BEGIN

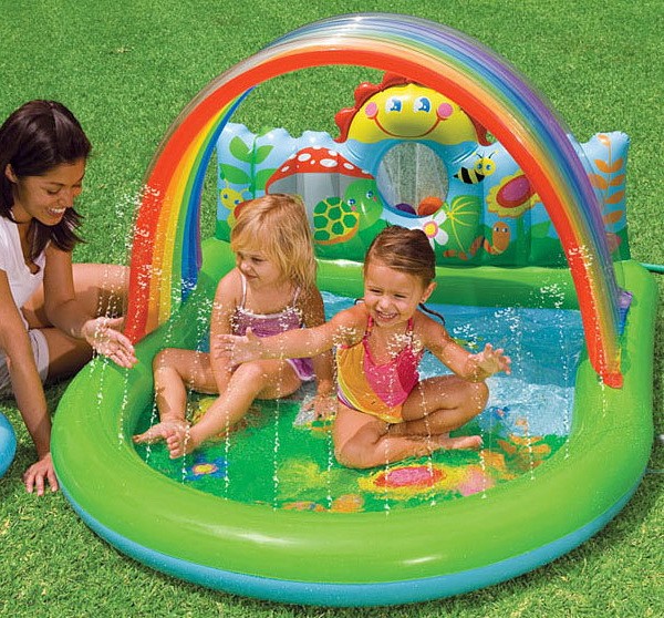 Как здорово в жаркий летний день позабавиться в водном игровом центре. Можно веселиться под брызгами фонтана, кидаться мячиками. И не нужно бояться солнышка, потому что радуга в виде навеса укроет малыша.
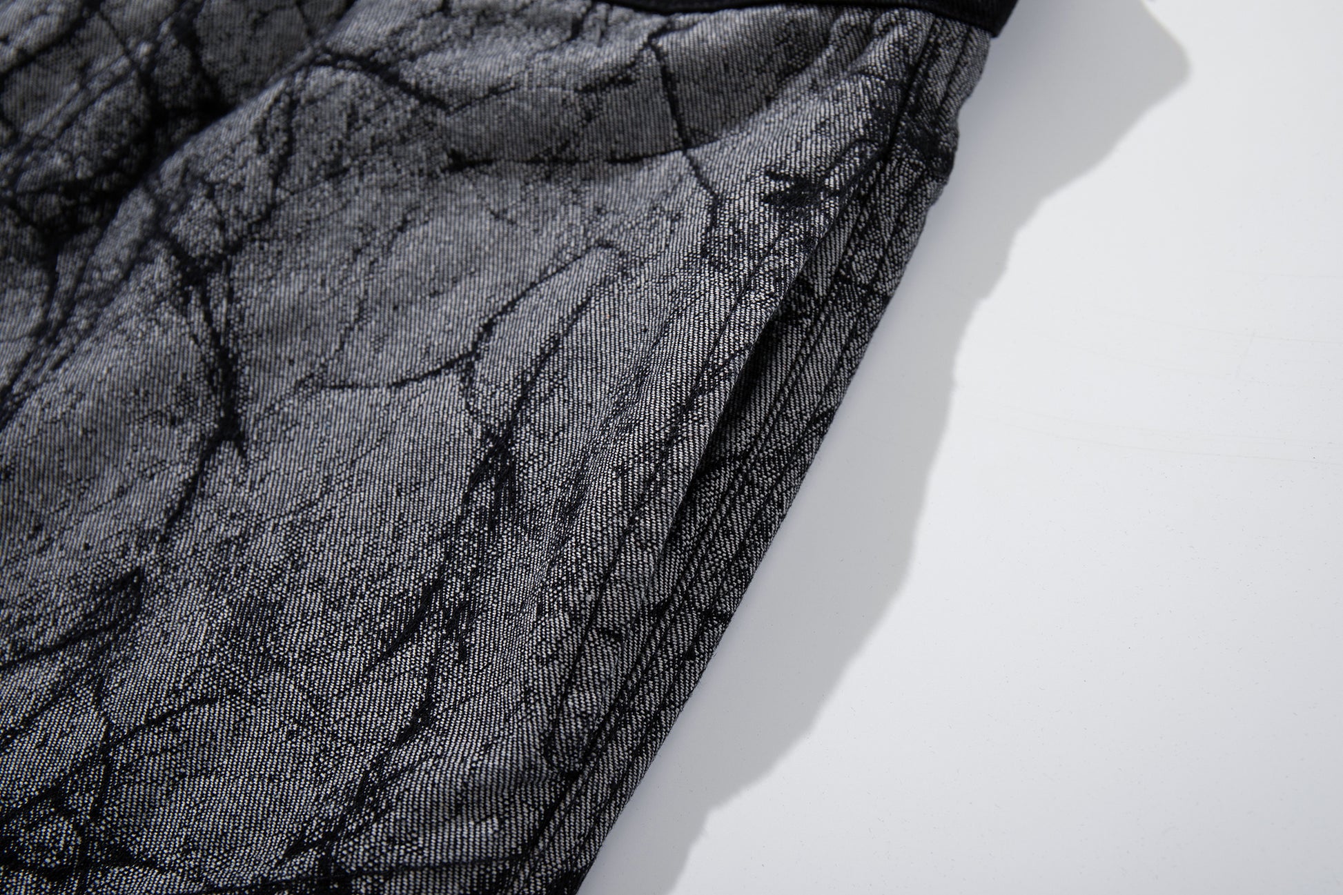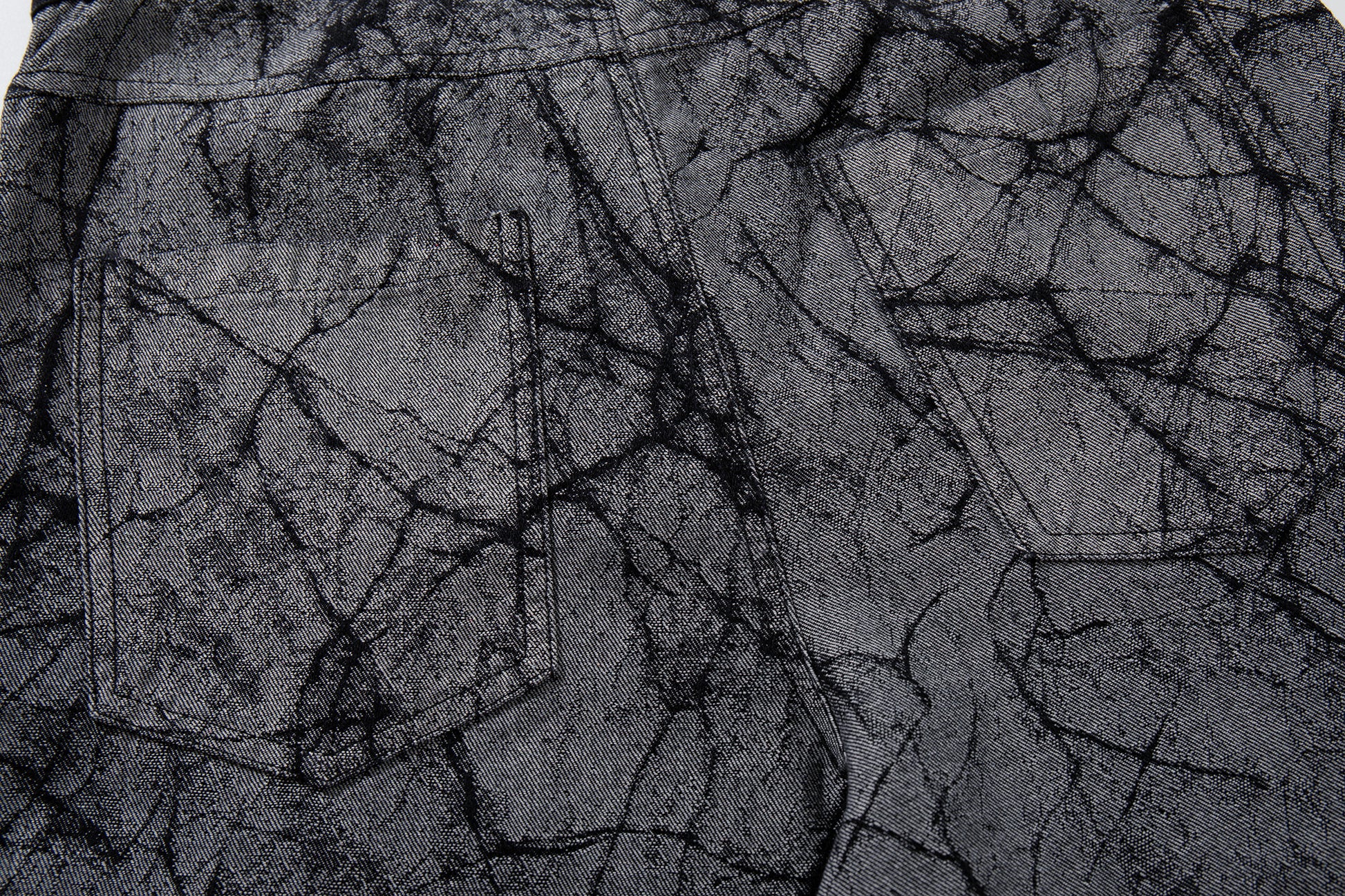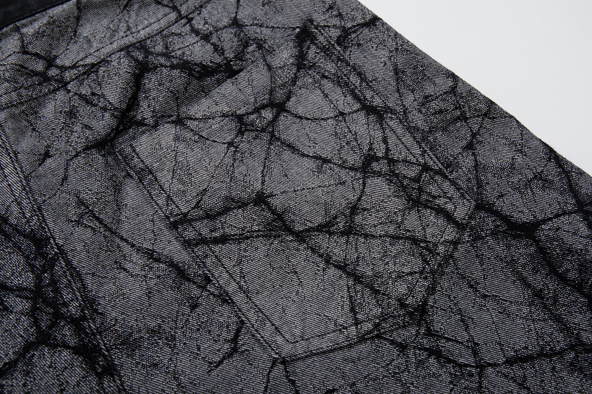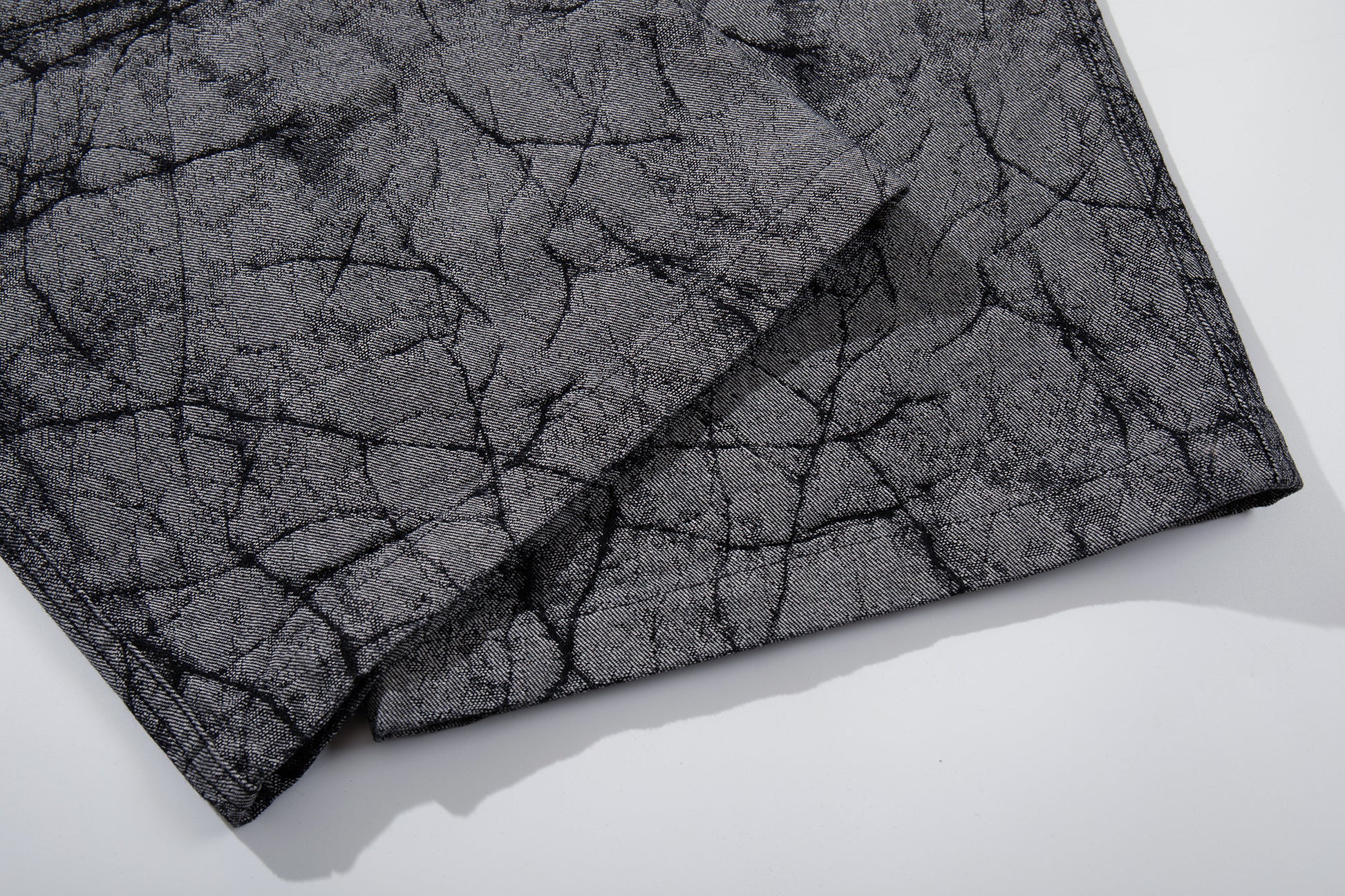 The Omirad Graphic Panel Wide Leg Denim Pants feature a bold wide-leg silhouette combined with an all-over textured graphic print. Designed with angled panel strap detailing secured by metal rivets, these pants create a strong visual structure while maintaining a clean overall profile. The high-rise waist and relaxed cut make them suitable for statement streetwear styling.
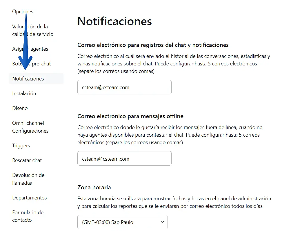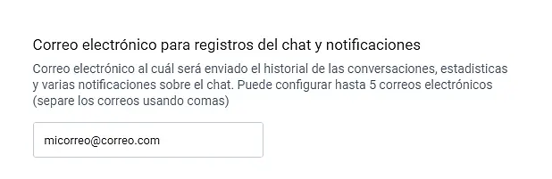 Si desea cambiar las notificaciones(es decir. la dirección de correo electrónico a la cual los registros de chat en línea y cuando esté desconectado serán enviados) los mensajes serán enviados a:
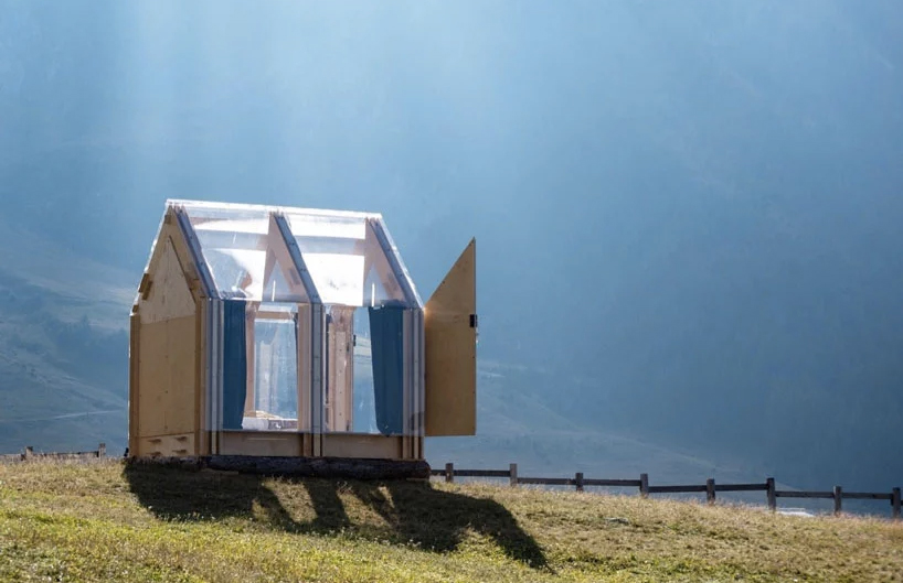 Inspired by quick-build housing designed for disaster relief, the transparent shack is erected on a hillside, surrounded by lush alpine peaks.
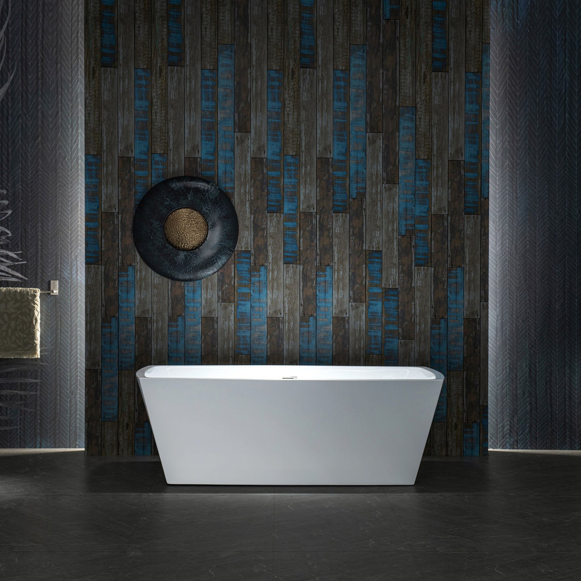 ? [DESIGN INSPIRATION]: WOODBRIDGE bathtub is luxury, comfort and chic style. Its size is ample yet economical allowing it to fit a variety of spaces. Gently sloping lines follow the natural curves of your body providing exceptional comfort.
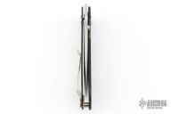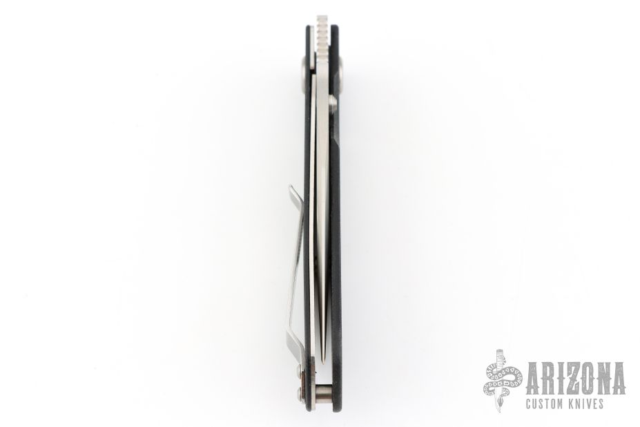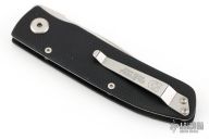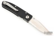 This Model ACC-MS is a Walker Design with a satin finished partially serrated blade and black G-10 scales, titanium liner, tip up stainless steel clip. Nice detent, lockup and blade seating. Excellent condition.
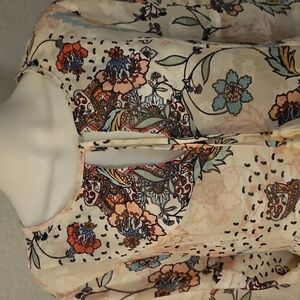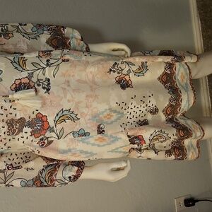 Chic boho dress featuring a floral pattern. Includes a stylish tassel tie at the neckline. Perfect for casual outings.

END

The exact lines from the beginning of the data through the one that contains "providing exceptional comfort." must be given again, both ends included, and pictures must be left out.

 Как здорово в жаркий летний день позабавиться в водном игровом центре. Можно веселиться под брызгами фонтана, кидаться мячиками. И не нужно бояться солнышка, потому что радуга в виде навеса укроет малыша.
 The Omirad Graphic Panel Wide Leg Denim Pants feature a bold wide-leg silhouette combined with an all-over textured graphic print. Designed with angled panel strap detailing secured by metal rivets, these pants create a strong visual structure while maintaining a clean overall profile. The high-rise waist and relaxed cut make them suitable for statement streetwear styling.
 Si desea cambiar las notificaciones(es decir. la dirección de correo electrónico a la cual los registros de chat en línea y cuando esté desconectado serán enviados) los mensajes serán enviados a:
 Inspired by quick-build housing designed for disaster relief, the transparent shack is erected on a hillside, surrounded by lush alpine peaks.
 ? [DESIGN INSPIRATION]: WOODBRIDGE bathtub is luxury, comfort and chic style. Its size is ample yet economical allowing it to fit a variety of spaces. Gently sloping lines follow the natural curves of your body providing exceptional comfort.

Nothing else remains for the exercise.